Jim Newsome, CEO of the State Ports Authority, said the project needs $90 million a year from the federal government to keep the dredging project on schedule for a three-year completion. The Army Corps estimates dredging could take longer — between 40 and 76 months, depending on weather, equipment availability and other factors.
Regardless of the timeline, Gov. Henry McMaster said the federal government must start addressing Charleston’s needs today. McMaster, who is running to stay in office, said he plans to speak with Trump, a close political ally, about getting a steady flow of money.
“If the facts and circumstances are known, such as the value of this port and the fact that South Carolina has already put up 300 million of its own dollars, given the right analysis under the right formula we’ll receive the money from the federal budget,” he said.
In the meantime, Graham said about $25 million could be available for the Charleston deepening from a separate Army Corps fund he helped to create about five years ago. That money could be added to $17.5 million the project received from the Army Corps last year.
The dredging project will give the Port of Charleston the deepest waterway on the East Coast as a greater number of container ships from Asia are visiting South Atlantic seaports through the expanded Panama Canal. Charleston already has regular calls from ships carrying up to 14,000 cargo boxes and Newsome said a vessel capable of hauling 18,000 containers will visit by the end of this year.

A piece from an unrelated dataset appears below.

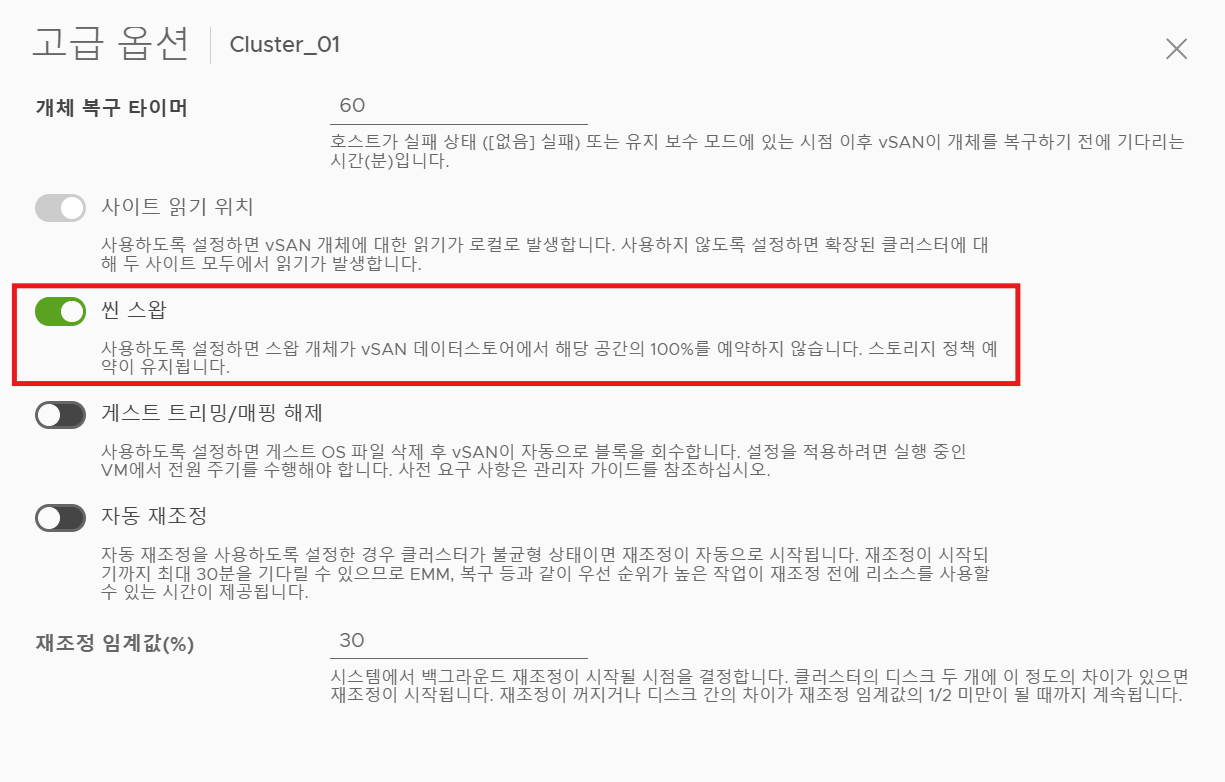 (2) 기본적으로 vSAN은 스왑 파일을 Thick Provisioning으로 설정하여 예상되는 최대 크기만큼 공간을 미리 확보하지만, 공간 효율성을 위해 Thin으로 설정하여 필요한 공간만 확보할 수 있도록 활성화 가능하다.
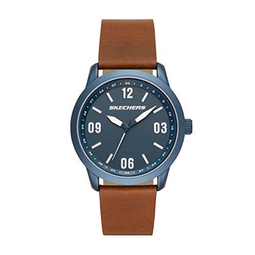 The Skechers Cordary watch offers style at every hour with a blue sandblasted case and matching dial, brown genuine leather strap and quartz analog three-hand movement. 43mm case, 22mm band width, mineral crystal, Quartz movement with three hand...

The Army Corps last fall awarded two contracts to Oak Brook, Ill.-based Great Lakes Dredge & Dock.
The first, for $47 million, is to remove 6 million cubic yards of material from the harbor’s entrance channel. The second — at $213 million it was the largest awarded by the local Army Corps office — is to remove nearly 8 million cubic yards of material from the entrance channel.
Friday’s ceremony aboard the USS Yorktown at Patriots Point was to celebrate what Newsome calls “the beginning of the end” of a long process to deepen Charleston Harbor.
The project began in 2011 when an Army Corps study determined there is federal interest in deepening the harbor. It has progressed more quickly than any federal deepening project to date. Congress authorized the deepening in late 2016 and dredging officially started Friday.
The project is among more than $2 billion being spent in and around the Port of Charleston to accommodate the heavier container ships.